Pour la majorité des pays, la mondialisation, dont je viens de survoler l’univers, leur échappe. Un pays comme l’Algérie, prisonnier du pétrole/gaz dont la rente fond au «soleil» d’un marché pétrolier de plus en plus erratique, est l’un des pays pétroliers les plus fragilisés. La rente d’un sol riche, ça eut payé quand l’agriculture jadis était la seule et noble activité économique.
Aujourd’hui, ce genre de rente ne pèse pas lourd devant la puissance de la valeur ajoutée du travail. Il ne reste donc au pays que de se lancer dans des productions qui créent de la richesse par le travail concret et le travail abstrait. (3)
A. A.
(1) Article de Freud en 1917 où le père de la psychanalyse étudie le rapport entre l’argent roi (qui n’a pas d’odeur) et la psychanalyse.
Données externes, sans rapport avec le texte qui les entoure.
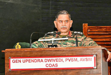 સોમવારે દિલ્હીના માણેક શો સેન્ટર ખાતે ડિફેન્સ ડાયલોગ કાર્યક્રમમાં હાજર રહેલા થલ સેનાધ્યક્ષ(COAS) જનરલ ઉપેન્દ્ર દ્વિવેદીએ અનેક મુદ્દાઓ પર ખુલીને ચર્ચા કરી. તેમણે કહ્યું કે, ‘ભારત કોઈપણ પરિસ્થિતિમાં લાંબી લડાઈ માટે તૈયાર છે અને દુશ્મન ભલે પાકિસ્તાન હોય કે તેના સમર્થિત આતંકવાદીઓ, સેના દરેક ખતરાનો જડબાતોડ જવાબ આપવાની ક્ષમતા ધરાવે છે. પાકિસ્તાન ભલે પડદા પાછળ છુપાઈને આતંકવાદને ગમે તેટલો પ્રોત્સાહન આપે, ભારતીય સેના તેની દરેક હરકત પર નજર રાખે છે.’
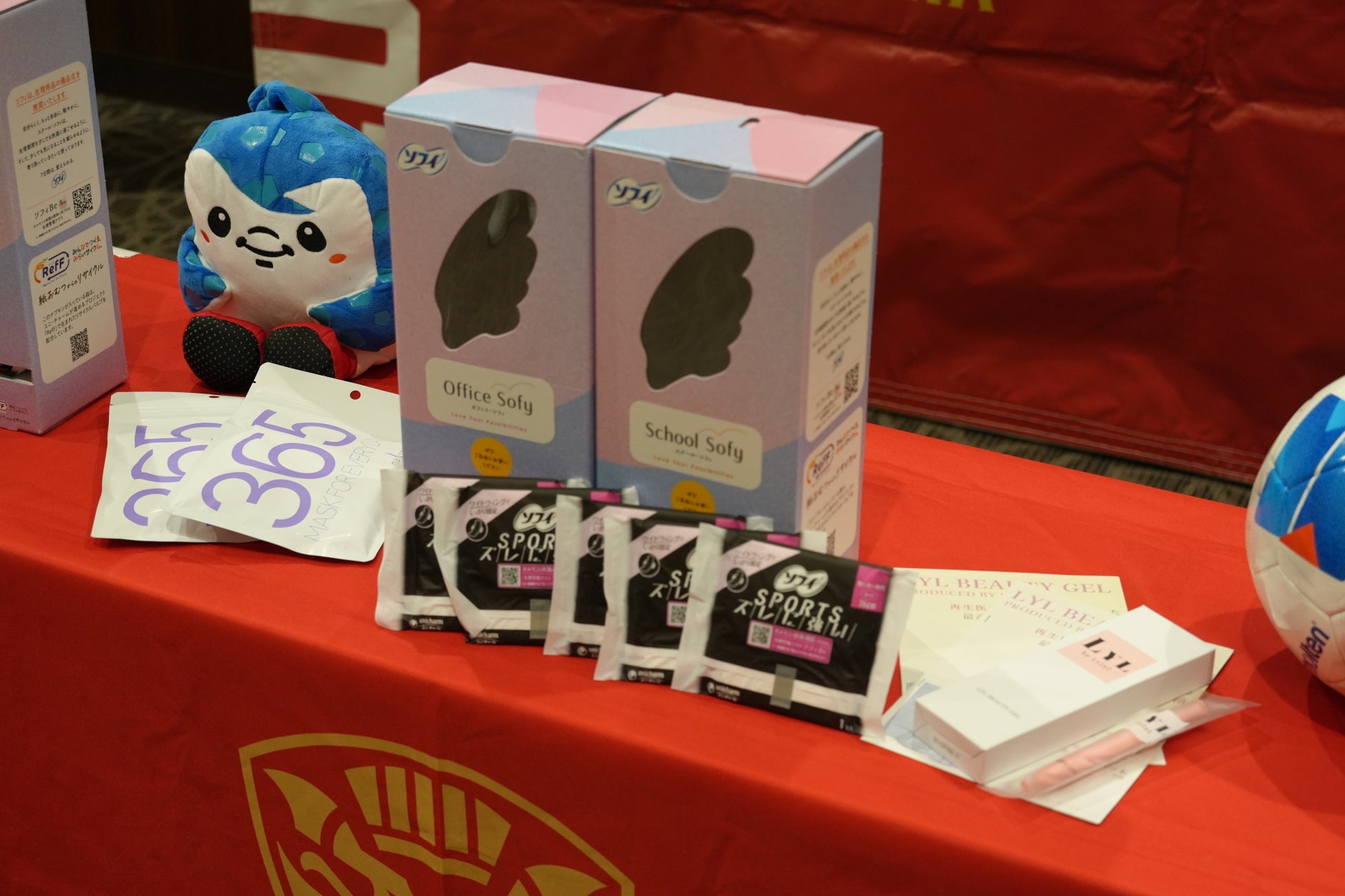 イベントでは会見も実施し、4月より、FC琉球のホームスタジアムである沖縄県総合運動公園陸上競技場(沖縄市)と、FC琉球さくらのホームゲーム会場である東風平運動公園サッカー場(八重瀬町)のトイレにユニ・チャーム「どこでもソフィ」プロジェクトの生理用ナプキンディスペンサーの設置開始を発表いたしました。来場された観客の皆様が必要な時にご利用いただくことで、より安心してサッカー観戦を楽しめる環境が実現します。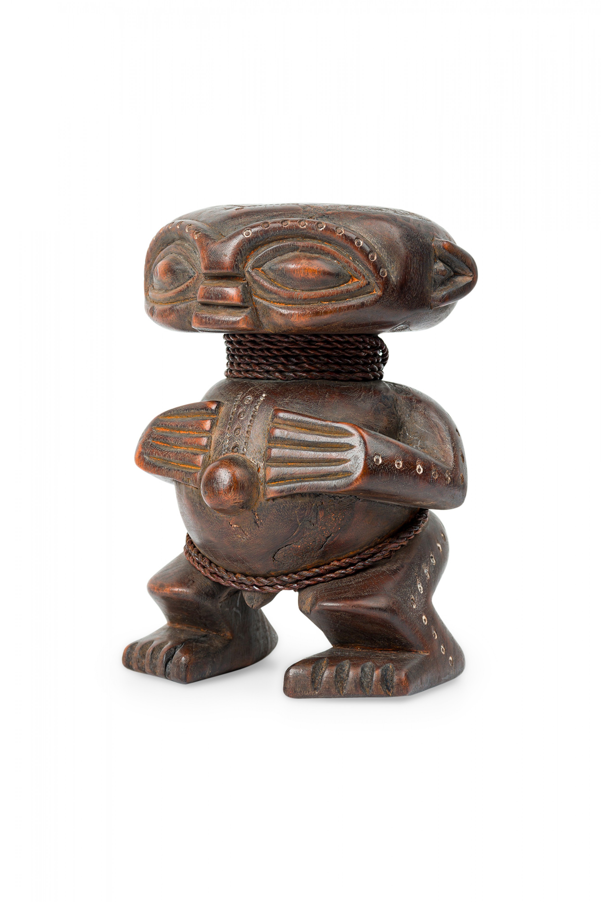 African Cameroon Contemporary Carved Wood Pygmy Squatting Figure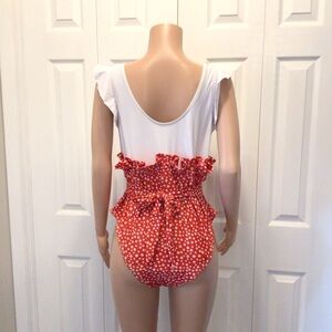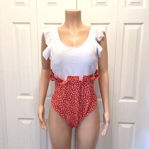 NWOT Shein Womens Plus Size Red Ditsy Floral Ruffled One Piece Swimsuit Size 3XL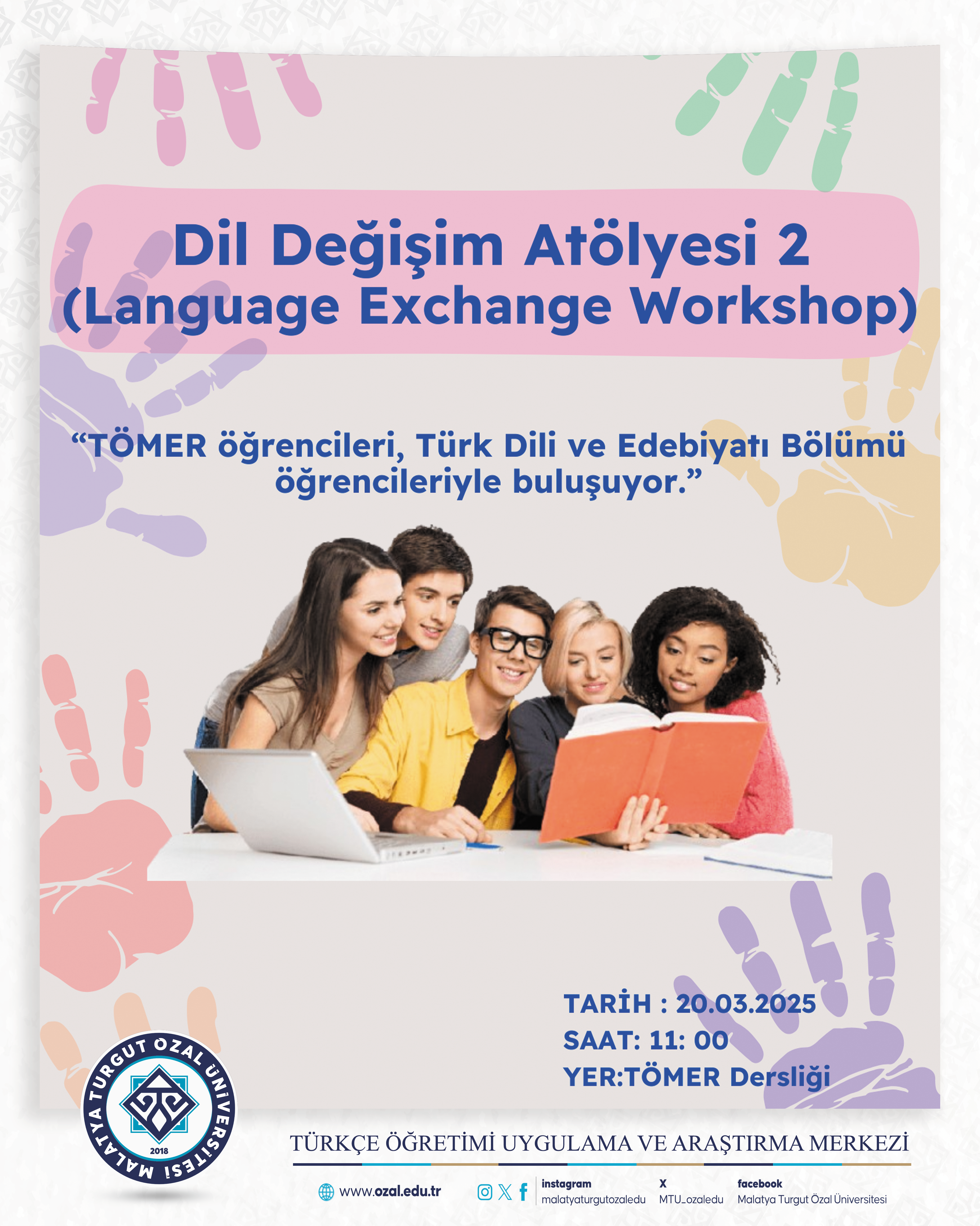 Malatya Turgut Özal Üniversitesi Türkçe Öğretimi Uygulama ve Araştırma Merkezi (TÖMER) olarak, Türk Dili ve Edebiyatı Bölümü öğrencileriyle TÖMER öğrencilerini bir araya getireceğimiz Dil Değişim Atölyesi 2 etkinliğini düzenliyoruz.

(2) Le dollar est déjà attaqué par les pays du Brics. La Chine travaille sur une monnaie électronique basée sur l’or pour ses échanges avec l’extérieur. Rappelons les GAFA de la Silicon Valley pensent aussi à une monnaie électronique. Rappelons aussi que des monnaies locales existent ici et là en France adossées à un réseau coopératif ou associatif. Les financiers de Wall Street n’ont qu’à bien se tenir et les banques créatrices de monnaies s’inquiètent face cet éventuel concurrent invisible et potentiellement redoutable.
(3) Travail concret et travail abstrait. Le travail concret produit une valeur d’usage et qui a une utilité sociale. Le travail abstrait d’un produit, en plus de sa valeur d’usage, acquiert une valeur d’échange sur un marché, et le poids de cette valeur est fonction de la quantité de travail concret contenu dans le produit en question. La valeur d’une voiture se calcule à partir du travail de l’ingénieur et du moindre travail des ouvriers qui sont sur la chaîne de production.